- [Your assignment]:
Each line below from the "網(wǎng)站模板名稱(c" line through the "Tapeta panoramiczna (mural)" line, those two included, must be restated word for word; the pictures must not be.

- [Record excerpts]:
######

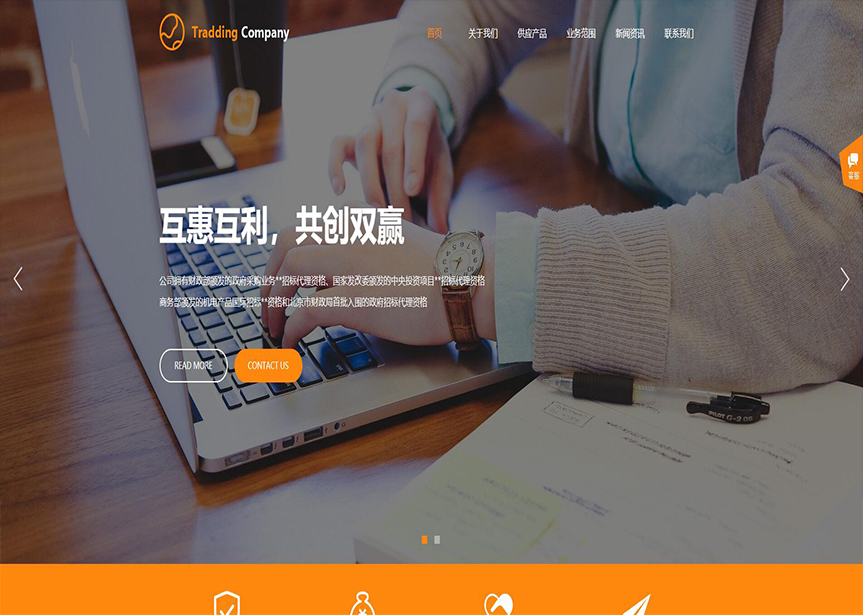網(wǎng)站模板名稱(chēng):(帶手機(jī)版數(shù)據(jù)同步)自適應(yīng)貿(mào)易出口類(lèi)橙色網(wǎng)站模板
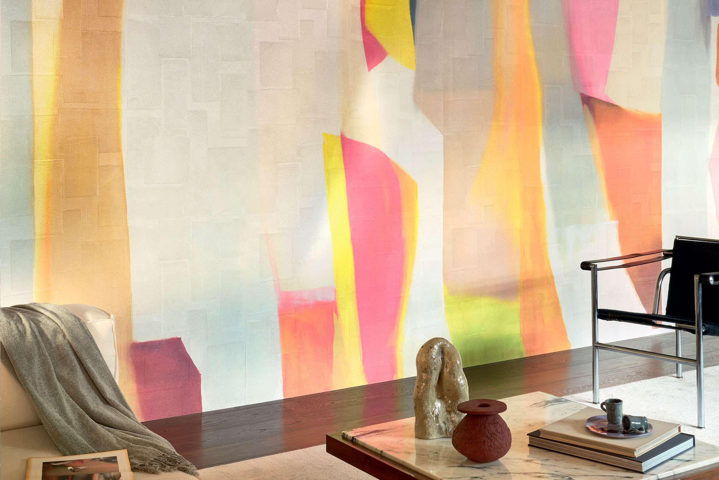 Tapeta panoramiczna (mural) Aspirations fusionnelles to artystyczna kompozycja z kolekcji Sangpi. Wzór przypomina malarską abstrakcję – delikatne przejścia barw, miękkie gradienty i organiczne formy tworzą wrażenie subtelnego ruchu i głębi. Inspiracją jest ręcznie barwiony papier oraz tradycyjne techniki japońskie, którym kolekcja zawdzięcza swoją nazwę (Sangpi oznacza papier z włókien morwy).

######

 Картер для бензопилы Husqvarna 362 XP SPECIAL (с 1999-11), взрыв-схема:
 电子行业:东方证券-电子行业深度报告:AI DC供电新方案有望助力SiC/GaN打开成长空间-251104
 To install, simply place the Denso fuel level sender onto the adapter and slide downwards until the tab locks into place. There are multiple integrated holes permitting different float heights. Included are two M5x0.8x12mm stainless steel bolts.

######

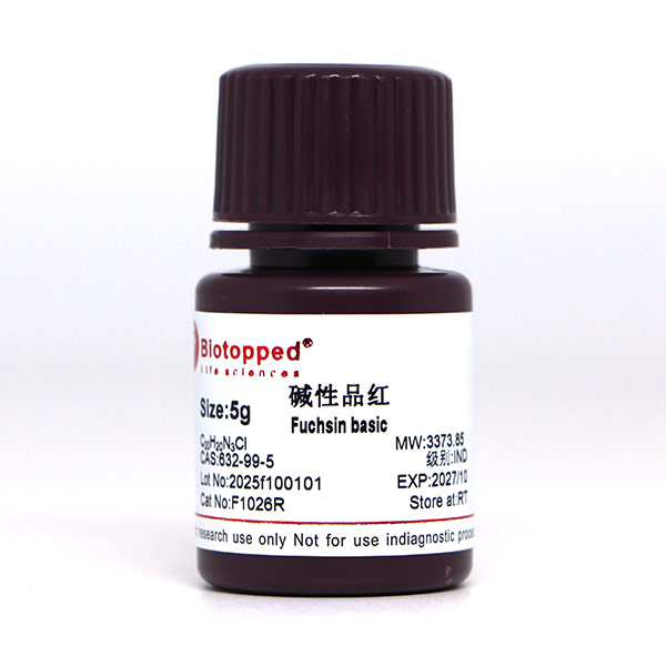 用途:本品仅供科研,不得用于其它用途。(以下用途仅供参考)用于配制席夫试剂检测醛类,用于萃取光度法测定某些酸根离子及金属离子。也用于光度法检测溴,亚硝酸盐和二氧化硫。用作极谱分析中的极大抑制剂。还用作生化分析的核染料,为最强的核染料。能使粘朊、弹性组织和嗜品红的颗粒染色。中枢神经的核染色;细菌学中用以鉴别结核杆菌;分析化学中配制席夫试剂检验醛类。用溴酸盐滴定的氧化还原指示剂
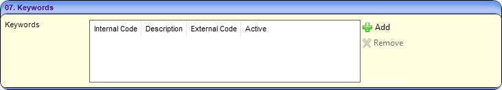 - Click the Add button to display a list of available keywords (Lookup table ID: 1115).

######

- [Response]:
網(wǎng)站模板名稱(chēng):(帶手機(jī)版數(shù)據(jù)同步)自適應(yīng)貿(mào)易出口類(lèi)橙色網(wǎng)站模板
 Tapeta panoramiczna (mural) Aspirations fusionnelles to artystyczna kompozycja z kolekcji Sangpi. Wzór przypomina malarską abstrakcję – delikatne przejścia barw, miękkie gradienty i organiczne formy tworzą wrażenie subtelnego ruchu i głębi. Inspiracją jest ręcznie barwiony papier oraz tradycyjne techniki japońskie, którym kolekcja zawdzięcza swoją nazwę (Sangpi oznacza papier z włókien morwy).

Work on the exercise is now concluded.